1.バッファーの調製(表材料および装置)
- NaCl、135;のKCl、5.4;のMgCl 2、3.5;グルコース、5; HEPES、5;のNa 2 HPO 4、0.4;タウリン、20; pH値:MMにおける実験(当日に新鮮な分離溶液300mlを準備7.4 NaOHで)。
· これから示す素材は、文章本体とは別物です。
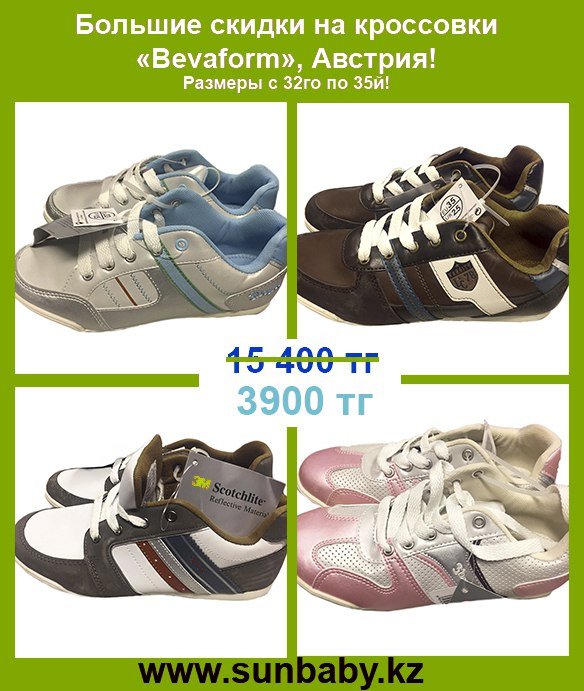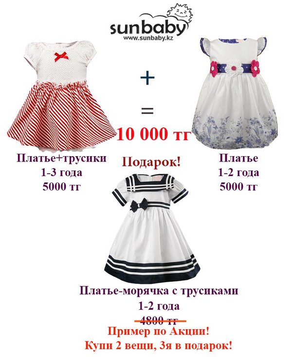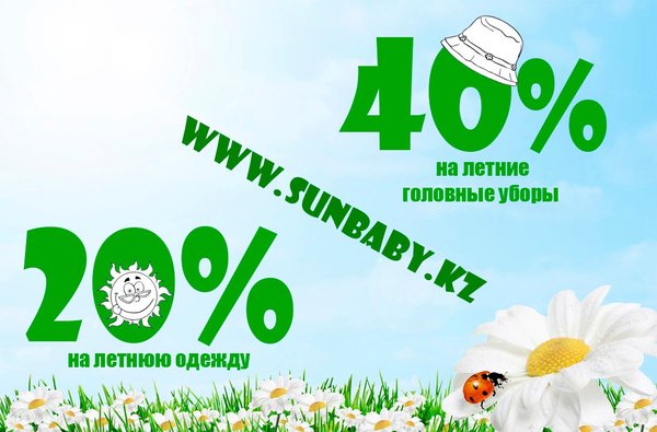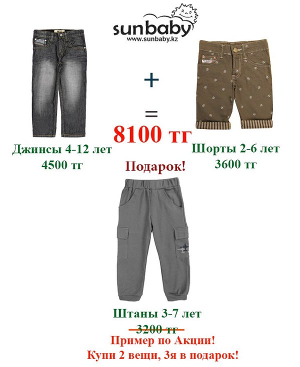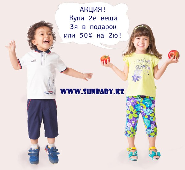 Условия акции уточняйте в магазинах, или по телефонам. «SUNBABY Сары-Арка» г.Алматы, 4 мкр. д.24 кв.19, ул. Алтынсарина, с правой стороны от входа в кинотеатр «KINOPLEXX Sary-Arka ». Режим работы: каждый день с 10-ти до 19-ти часов. Тел. 276-82-66 «SUNBABY-MAXIMA» ТРК «MAXIMA», г.Алматы, Райымбека 239 Г, 1й этаж, левое крыло. Режим работы: каждый день с 10-ти до 22-х часов. Тел.
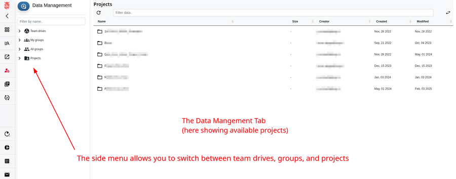 Clicking on the “Data Management” tab in the menu will open a browser window, as shown below. This window will allow you to select groups, team drives, or projects for which you have management permissions. If you want to display the data contained in Team Drives or Projects, you can do it from this page as well, but we suggest you use the Data Browser instead.

- CaCl 2 0.2; MgSO 4を5;のKCl 5.4、NaClを120ナトリウム-ピルビン酸5; 5.5グルコース、タウリン20; HEPES 10;マンニトール29; pHは7.4:MMにおける実験(当日に新鮮なストレージソリューションの100ミリリットルを準備)NaOHで。
- ;のKCl、4;のNaH 2 PO 4、0.33;上記MgCのNaCl、141.4:mMの中の灌流液の1Lを(準備L 2は、1。 HEPES、10;グルコース、5.5; CaCl 2、1.8;マンニトール、14.5; NaOHでpHを7.4)。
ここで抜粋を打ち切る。